ABOUT THIS TASK = Exactly the lines from the line containing "进去以后,第一个画面是这样的。事实上每次开机默认进的也都是这个 Start 面板。这个" through the last line of the entries below should appear in the answer, reproduced verbatim.

***** RECORDS SHOWN

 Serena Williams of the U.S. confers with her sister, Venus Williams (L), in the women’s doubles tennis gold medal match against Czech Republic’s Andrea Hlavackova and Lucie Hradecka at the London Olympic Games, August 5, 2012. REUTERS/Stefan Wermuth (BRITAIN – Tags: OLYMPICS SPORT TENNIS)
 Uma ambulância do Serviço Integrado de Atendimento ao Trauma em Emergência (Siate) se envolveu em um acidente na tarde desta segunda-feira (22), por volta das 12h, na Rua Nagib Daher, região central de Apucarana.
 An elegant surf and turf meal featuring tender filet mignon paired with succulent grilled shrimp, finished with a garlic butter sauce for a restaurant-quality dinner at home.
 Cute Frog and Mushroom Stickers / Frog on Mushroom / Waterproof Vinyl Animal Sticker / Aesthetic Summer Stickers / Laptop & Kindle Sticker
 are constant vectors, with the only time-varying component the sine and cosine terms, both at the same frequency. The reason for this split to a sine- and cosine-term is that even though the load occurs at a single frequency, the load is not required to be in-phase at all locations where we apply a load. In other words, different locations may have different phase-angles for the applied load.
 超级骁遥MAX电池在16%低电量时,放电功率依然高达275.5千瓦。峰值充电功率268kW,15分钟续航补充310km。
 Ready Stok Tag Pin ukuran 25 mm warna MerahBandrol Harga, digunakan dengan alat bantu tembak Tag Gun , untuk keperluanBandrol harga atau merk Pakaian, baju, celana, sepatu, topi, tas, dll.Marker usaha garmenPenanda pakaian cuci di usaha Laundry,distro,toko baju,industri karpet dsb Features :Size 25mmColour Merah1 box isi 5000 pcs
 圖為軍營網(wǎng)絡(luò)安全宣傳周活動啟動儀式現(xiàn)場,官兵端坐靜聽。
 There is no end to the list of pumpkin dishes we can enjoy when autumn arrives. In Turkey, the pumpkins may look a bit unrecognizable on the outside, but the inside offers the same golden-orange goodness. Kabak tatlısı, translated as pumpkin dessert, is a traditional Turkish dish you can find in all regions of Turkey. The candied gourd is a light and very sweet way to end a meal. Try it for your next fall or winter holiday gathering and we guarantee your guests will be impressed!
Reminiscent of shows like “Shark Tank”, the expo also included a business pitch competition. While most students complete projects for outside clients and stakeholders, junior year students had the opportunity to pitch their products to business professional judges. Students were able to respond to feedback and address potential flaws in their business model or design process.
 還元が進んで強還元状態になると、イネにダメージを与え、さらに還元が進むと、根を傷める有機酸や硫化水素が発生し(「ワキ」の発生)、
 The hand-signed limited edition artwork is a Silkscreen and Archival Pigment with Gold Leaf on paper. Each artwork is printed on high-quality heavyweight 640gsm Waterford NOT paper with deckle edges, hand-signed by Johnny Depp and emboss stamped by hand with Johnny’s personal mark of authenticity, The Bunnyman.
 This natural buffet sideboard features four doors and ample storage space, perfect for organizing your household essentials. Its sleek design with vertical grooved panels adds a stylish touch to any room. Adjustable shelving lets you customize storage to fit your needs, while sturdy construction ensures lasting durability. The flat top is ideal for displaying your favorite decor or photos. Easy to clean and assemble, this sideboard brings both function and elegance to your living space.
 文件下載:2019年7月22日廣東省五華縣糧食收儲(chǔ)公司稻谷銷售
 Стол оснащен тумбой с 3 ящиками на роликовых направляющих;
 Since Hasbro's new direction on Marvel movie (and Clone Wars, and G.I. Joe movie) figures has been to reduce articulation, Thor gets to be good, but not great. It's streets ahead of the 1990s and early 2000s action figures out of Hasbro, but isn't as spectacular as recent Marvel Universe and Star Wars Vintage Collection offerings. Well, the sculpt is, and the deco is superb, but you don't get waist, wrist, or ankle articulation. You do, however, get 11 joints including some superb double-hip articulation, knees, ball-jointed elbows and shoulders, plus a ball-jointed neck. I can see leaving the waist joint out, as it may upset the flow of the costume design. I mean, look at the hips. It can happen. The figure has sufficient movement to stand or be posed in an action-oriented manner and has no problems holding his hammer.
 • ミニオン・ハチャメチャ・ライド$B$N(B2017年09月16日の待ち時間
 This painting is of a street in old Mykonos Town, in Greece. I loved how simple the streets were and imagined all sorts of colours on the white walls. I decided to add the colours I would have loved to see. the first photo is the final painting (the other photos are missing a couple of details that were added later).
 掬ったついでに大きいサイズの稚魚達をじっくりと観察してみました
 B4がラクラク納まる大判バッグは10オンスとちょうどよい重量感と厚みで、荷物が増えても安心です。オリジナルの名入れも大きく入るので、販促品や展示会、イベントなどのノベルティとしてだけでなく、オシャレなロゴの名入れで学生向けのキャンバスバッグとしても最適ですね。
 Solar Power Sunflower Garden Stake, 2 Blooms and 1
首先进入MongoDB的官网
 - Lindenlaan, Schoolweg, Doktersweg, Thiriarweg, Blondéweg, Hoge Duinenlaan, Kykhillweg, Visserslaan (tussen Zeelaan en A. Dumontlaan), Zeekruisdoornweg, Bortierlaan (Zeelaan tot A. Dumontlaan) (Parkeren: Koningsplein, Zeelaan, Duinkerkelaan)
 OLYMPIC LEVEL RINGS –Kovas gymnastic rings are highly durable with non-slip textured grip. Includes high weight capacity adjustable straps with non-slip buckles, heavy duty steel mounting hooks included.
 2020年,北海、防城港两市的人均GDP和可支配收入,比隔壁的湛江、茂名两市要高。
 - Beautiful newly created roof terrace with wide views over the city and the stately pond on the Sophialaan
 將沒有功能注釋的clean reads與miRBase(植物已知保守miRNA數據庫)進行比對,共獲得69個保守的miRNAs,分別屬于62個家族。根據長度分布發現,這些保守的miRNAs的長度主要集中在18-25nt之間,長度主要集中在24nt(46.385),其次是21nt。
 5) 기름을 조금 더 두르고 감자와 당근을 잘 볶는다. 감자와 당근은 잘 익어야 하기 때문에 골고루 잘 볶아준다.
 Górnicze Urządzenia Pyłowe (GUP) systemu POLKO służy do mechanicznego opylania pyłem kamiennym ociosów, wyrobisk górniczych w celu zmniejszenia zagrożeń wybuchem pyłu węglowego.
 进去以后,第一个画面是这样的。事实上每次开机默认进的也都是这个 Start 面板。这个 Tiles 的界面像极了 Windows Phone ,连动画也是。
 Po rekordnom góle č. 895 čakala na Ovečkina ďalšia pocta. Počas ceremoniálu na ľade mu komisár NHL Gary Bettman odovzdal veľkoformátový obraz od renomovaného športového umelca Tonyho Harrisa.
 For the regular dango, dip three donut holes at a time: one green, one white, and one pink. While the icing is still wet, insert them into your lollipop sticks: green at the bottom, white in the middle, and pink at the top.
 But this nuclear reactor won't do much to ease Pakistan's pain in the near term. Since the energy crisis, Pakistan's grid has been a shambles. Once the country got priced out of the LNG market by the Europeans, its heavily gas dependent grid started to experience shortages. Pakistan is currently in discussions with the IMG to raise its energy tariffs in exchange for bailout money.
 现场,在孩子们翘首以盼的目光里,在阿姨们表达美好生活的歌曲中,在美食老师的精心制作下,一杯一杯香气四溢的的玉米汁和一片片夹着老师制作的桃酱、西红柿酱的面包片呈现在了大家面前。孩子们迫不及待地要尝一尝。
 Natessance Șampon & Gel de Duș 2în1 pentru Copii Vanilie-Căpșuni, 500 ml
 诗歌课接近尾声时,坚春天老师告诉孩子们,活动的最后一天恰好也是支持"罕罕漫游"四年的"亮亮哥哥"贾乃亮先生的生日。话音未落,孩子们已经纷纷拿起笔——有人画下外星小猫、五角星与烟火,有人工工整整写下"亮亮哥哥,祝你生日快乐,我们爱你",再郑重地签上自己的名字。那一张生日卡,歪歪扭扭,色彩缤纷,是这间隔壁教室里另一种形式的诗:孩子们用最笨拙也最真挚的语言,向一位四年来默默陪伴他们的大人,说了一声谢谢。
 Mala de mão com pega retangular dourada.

**********

EXERCISE RESPONSE =
 进去以后,第一个画面是这样的。事实上每次开机默认进的也都是这个 Start 面板。这个 Tiles 的界面像极了 Windows Phone ,连动画也是。
 Po rekordnom góle č. 895 čakala na Ovečkina ďalšia pocta. Počas ceremoniálu na ľade mu komisár NHL Gary Bettman odovzdal veľkoformátový obraz od renomovaného športového umelca Tonyho Harrisa.
 For the regular dango, dip three donut holes at a time: one green, one white, and one pink. While the icing is still wet, insert them into your lollipop sticks: green at the bottom, white in the middle, and pink at the top.
 But this nuclear reactor won't do much to ease Pakistan's pain in the near term. Since the energy crisis, Pakistan's grid has been a shambles. Once the country got priced out of the LNG market by the Europeans, its heavily gas dependent grid started to experience shortages. Pakistan is currently in discussions with the IMG to raise its energy tariffs in exchange for bailout money.
 现场,在孩子们翘首以盼的目光里,在阿姨们表达美好生活的歌曲中,在美食老师的精心制作下,一杯一杯香气四溢的的玉米汁和一片片夹着老师制作的桃酱、西红柿酱的面包片呈现在了大家面前。孩子们迫不及待地要尝一尝。
 Natessance Șampon & Gel de Duș 2în1 pentru Copii Vanilie-Căpșuni, 500 ml
 诗歌课接近尾声时,坚春天老师告诉孩子们,活动的最后一天恰好也是支持"罕罕漫游"四年的"亮亮哥哥"贾乃亮先生的生日。话音未落,孩子们已经纷纷拿起笔——有人画下外星小猫、五角星与烟火,有人工工整整写下"亮亮哥哥,祝你生日快乐,我们爱你",再郑重地签上自己的名字。那一张生日卡,歪歪扭扭,色彩缤纷,是这间隔壁教室里另一种形式的诗:孩子们用最笨拙也最真挚的语言,向一位四年来默默陪伴他们的大人,说了一声谢谢。
 Mala de mão com pega retangular dourada.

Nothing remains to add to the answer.